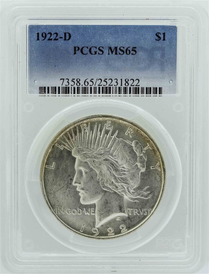 One 1922-D $1 Peace Silver Dollar Coin PCGS MS65. PCGS Graded.
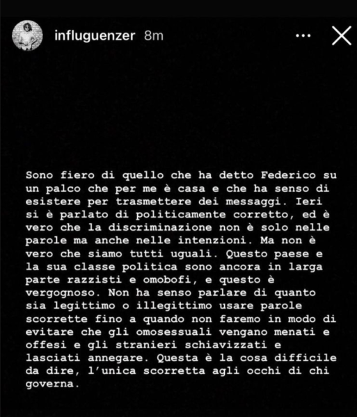 Tanti, naturalmente, gli artisti che hanno espresso sostegno a Fedez sui propri canali social.
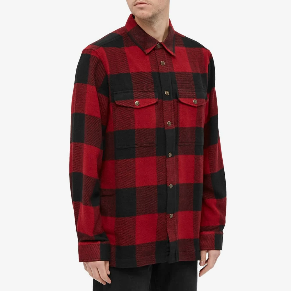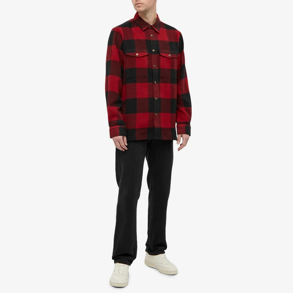 The Canada shirt from Fjällräven comes from the brand’s Värmland series. It’s styled in a classic black and red check with branded metal press studs and the luxe leather Arctic fox patch to complete the look.
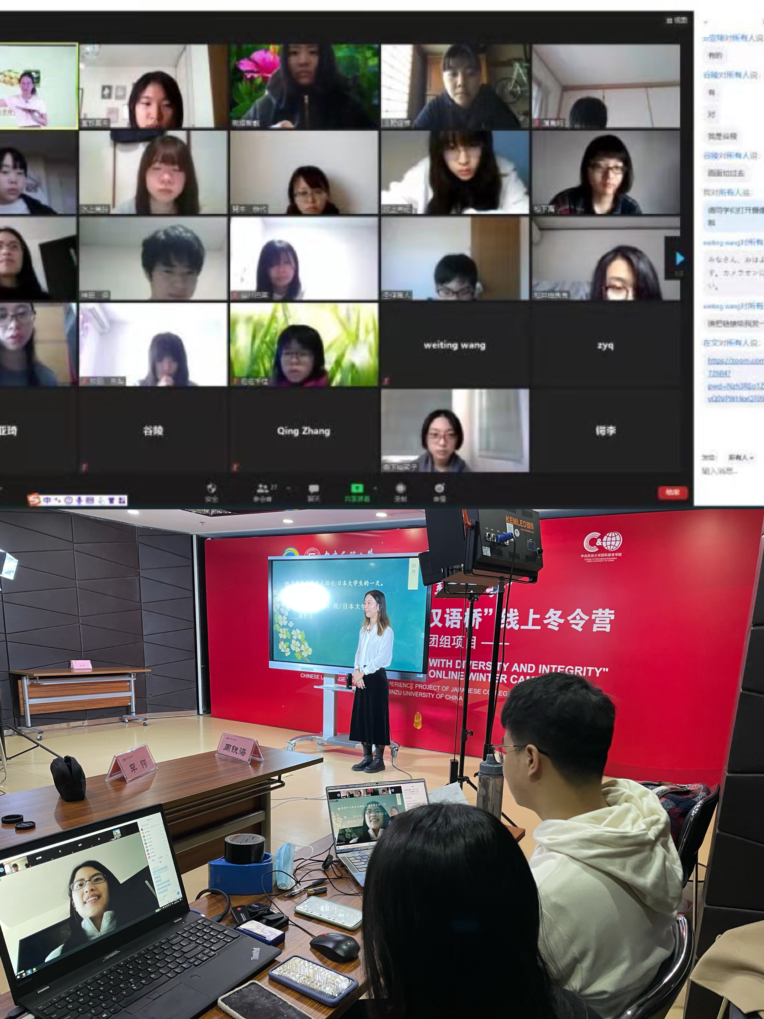 在这个特殊的时期,以一种全新的方式为学生们带来很多新的文化知识。她说:“平时我们课上没有时间讲这些中国文化。我觉得这种课程特别好,日本大学生也都非常喜欢这次的课程内容。我还要特别感谢我们的讲课老师们,尤其是对我们初级班听力口语不太好的学生,老师们不厌其烦的耐心讲解,保证让大家都能够得到锻炼,真的非常棒!让我也重拾初心,得益匪浅。千叶大学每年学习中文的学生特别多,大概有800到900人左右。但每年去中国留学的学生的人数特别少,所以我也希望通过本次线上的这种交流活动,能让更多的日本学生喜欢汉语,喜欢中国,并为将来的中日友好播下种子。希望明年我们能去二人麻将
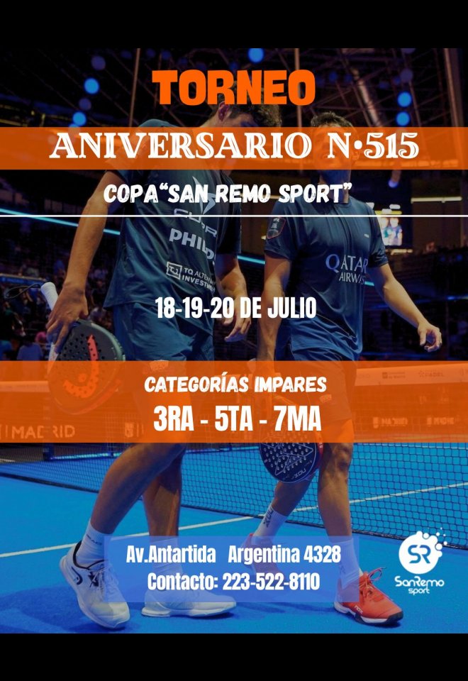 »» Evento: Torneo Copa San Remo Sports - Julio Impares »» Localidad: Mar del Plata »» Fechas: 18/07/2025 al 20/07/2025
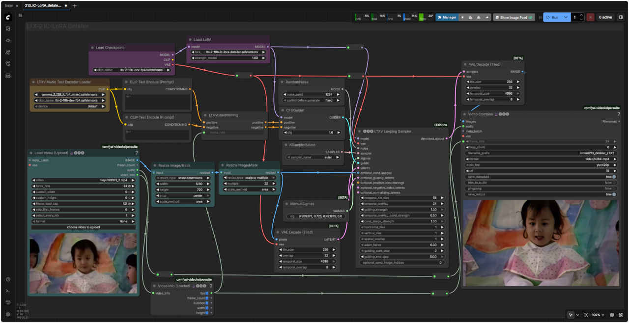複数 IC-LoRA を重ねることはできないが image2video や audio2videoと組み合わせるができる。入力画像は 1フレーム目として固定される
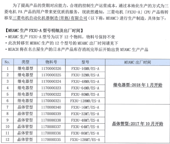 FX3U-***/ES-A 系列產品是三菱FX系列最重要的產品,目前各代理商收到通知,三菱將把此產品更換到三菱常熟工廠生產
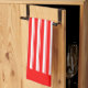 En röd och för godisrand för vit retro för mönster kökshandduk med röda gränser.
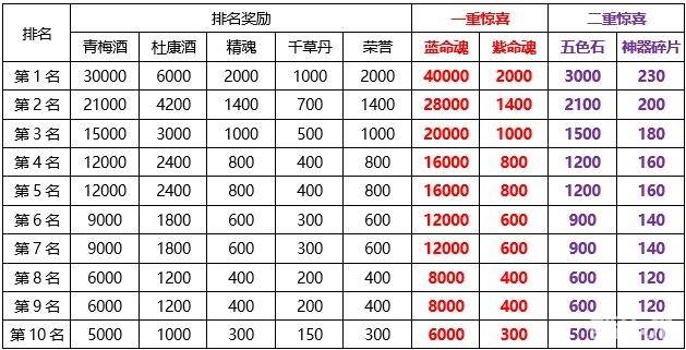 活动期间累计充值金币达到10000金币,可以额外领取一重惊喜奖励(蓝命魂,紫命魂);
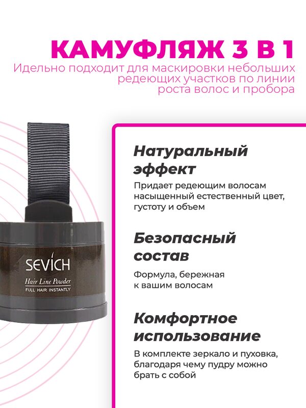 Пудра-загуститель в компактной упаковке 3 в 1: средство для камуфляжа, зеркало, пуховка. Предназначена для маскировки небольших редеющих участков по линии роста волос и пробора.
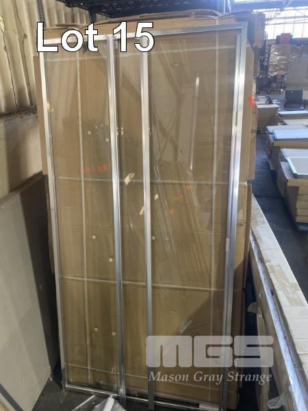 2 x OZ WHOLESALE SUPPLIERS OCEANIA ADJUSTABLE SHOWER SCREENS, BRIGHT SILVER FRAME, 1950 x 980 -1060mm, NEW IN BOXES
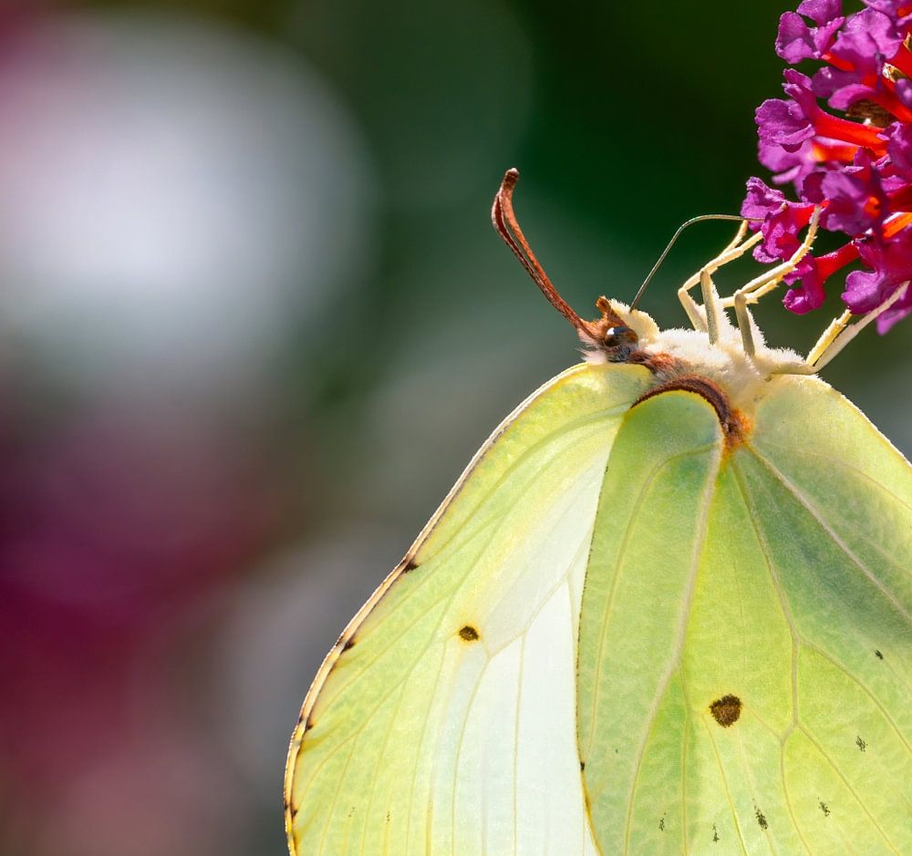 Macro of a lemon butterfly on a summer lilac flower
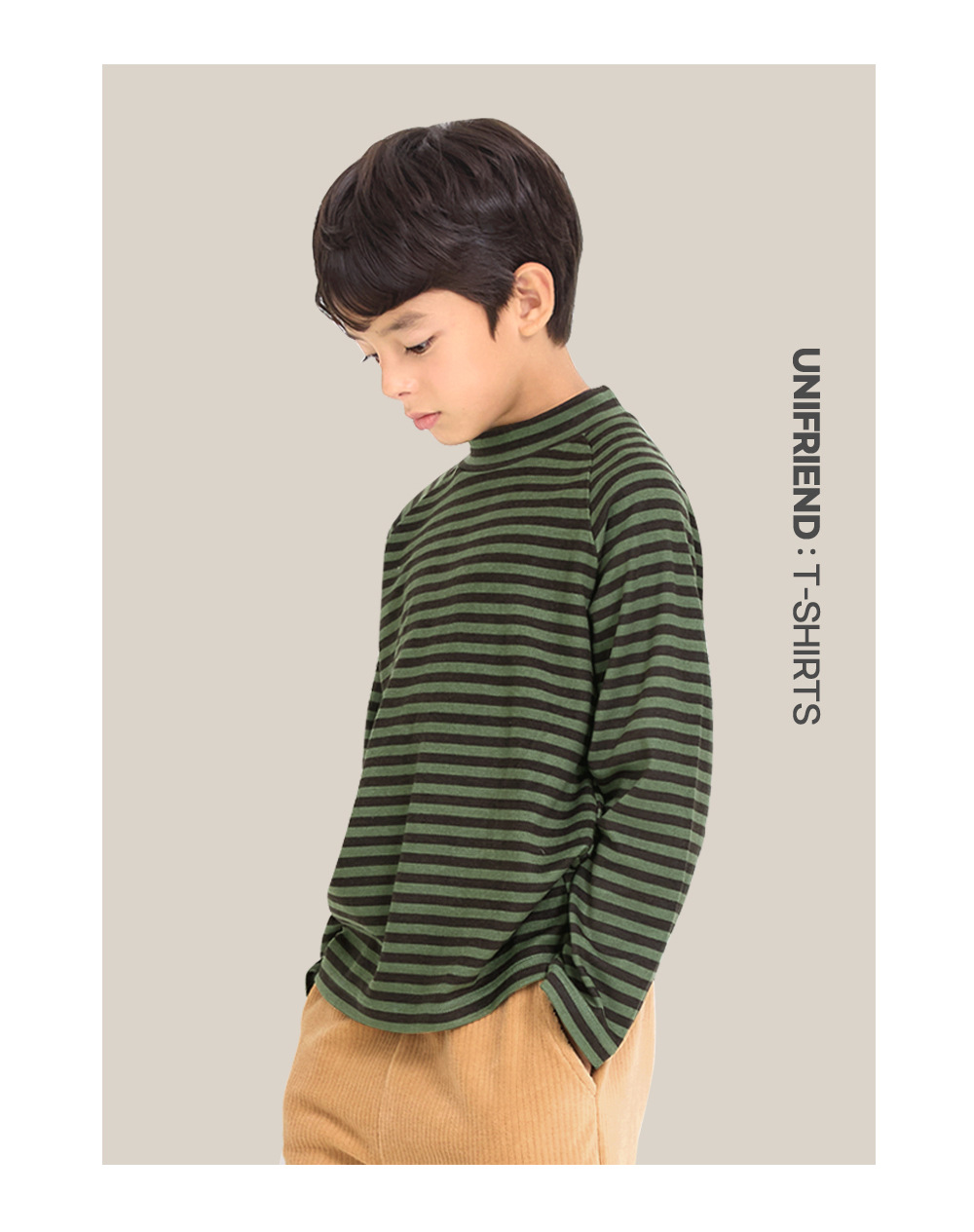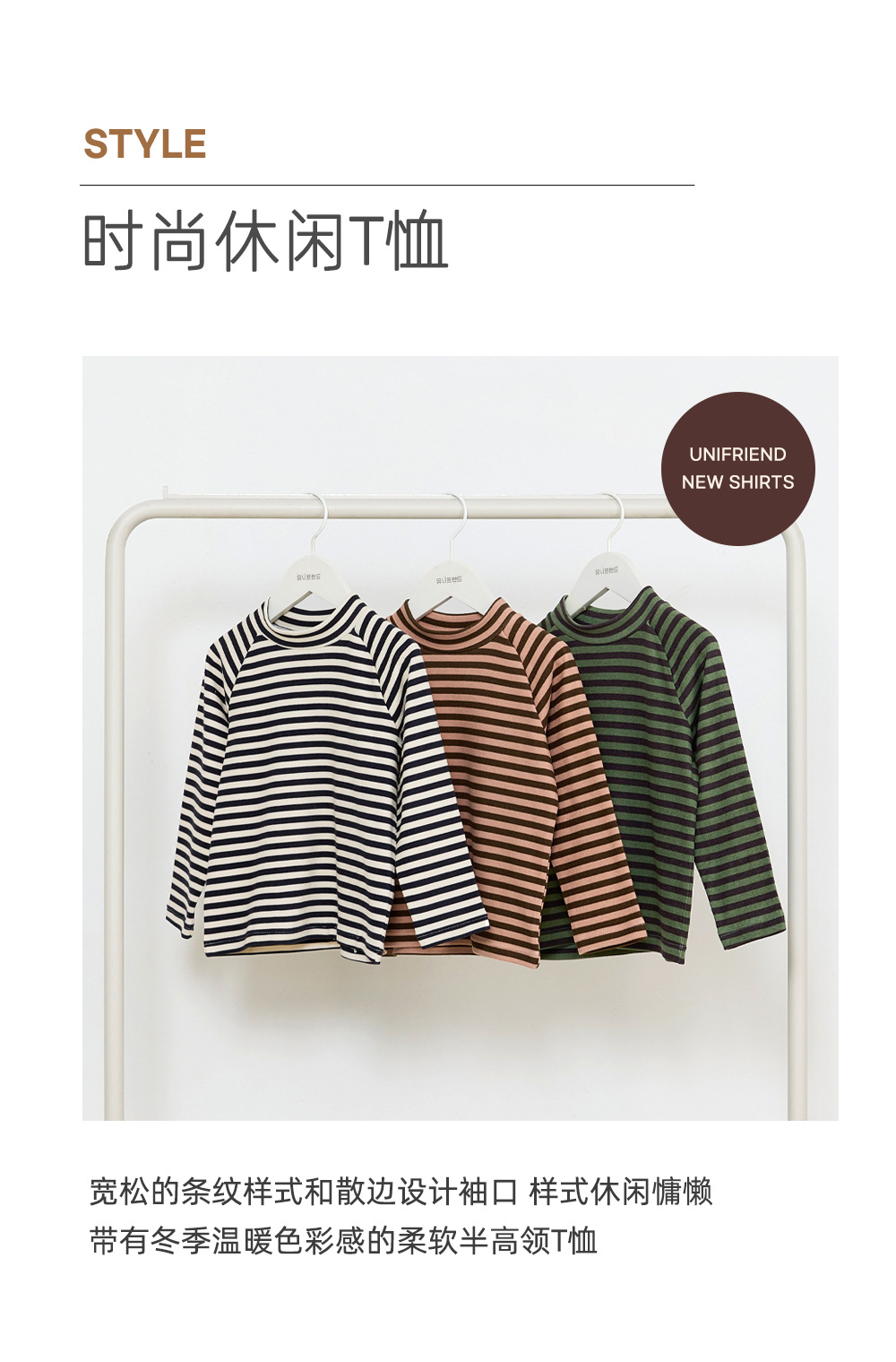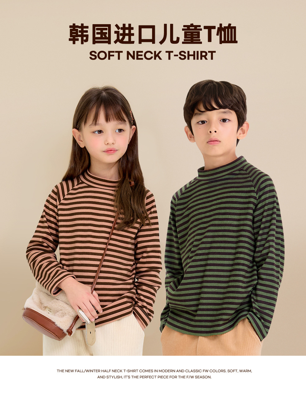새로운 한국 신선한 예술적 느슨한 높은 목 줄무늬 최고 어린이 티셔츠 올 매치 베이스스토어 가기

- - -

Because only the text is wanted, copy each record above precisely and omit its pictures.

### SOLVED EXERCISE
 One 1922-D $1 Peace Silver Dollar Coin PCGS MS65. PCGS Graded.
 Tanti, naturalmente, gli artisti che hanno espresso sostegno a Fedez sui propri canali social.
 The Canada shirt from Fjällräven comes from the brand’s Värmland series. It’s styled in a classic black and red check with branded metal press studs and the luxe leather Arctic fox patch to complete the look.
 在这个特殊的时期,以一种全新的方式为学生们带来很多新的文化知识。她说:“平时我们课上没有时间讲这些中国文化。我觉得这种课程特别好,日本大学生也都非常喜欢这次的课程内容。我还要特别感谢我们的讲课老师们,尤其是对我们初级班听力口语不太好的学生,老师们不厌其烦的耐心讲解,保证让大家都能够得到锻炼,真的非常棒!让我也重拾初心,得益匪浅。千叶大学每年学习中文的学生特别多,大概有800到900人左右。但每年去中国留学的学生的人数特别少,所以我也希望通过本次线上的这种交流活动,能让更多的日本学生喜欢汉语,喜欢中国,并为将来的中日友好播下种子。希望明年我们能去二人麻将
 »» Evento: Torneo Copa San Remo Sports - Julio Impares »» Localidad: Mar del Plata »» Fechas: 18/07/2025 al 20/07/2025
複数 IC-LoRA を重ねることはできないが image2video や audio2videoと組み合わせるができる。入力画像は 1フレーム目として固定される
 FX3U-***/ES-A 系列產品是三菱FX系列最重要的產品,目前各代理商收到通知,三菱將把此產品更換到三菱常熟工廠生產
 En röd och för godisrand för vit retro för mönster kökshandduk med röda gränser.
 活动期间累计充值金币达到10000金币,可以额外领取一重惊喜奖励(蓝命魂,紫命魂);
 Пудра-загуститель в компактной упаковке 3 в 1: средство для камуфляжа, зеркало, пуховка. Предназначена для маскировки небольших редеющих участков по линии роста волос и пробора.
 2 x OZ WHOLESALE SUPPLIERS OCEANIA ADJUSTABLE SHOWER SCREENS, BRIGHT SILVER FRAME, 1950 x 980 -1060mm, NEW IN BOXES
 Macro of a lemon butterfly on a summer lilac flower
새로운 한국 신선한 예술적 느슨한 높은 목 줄무늬 최고 어린이 티셔츠 올 매치 베이스스토어 가기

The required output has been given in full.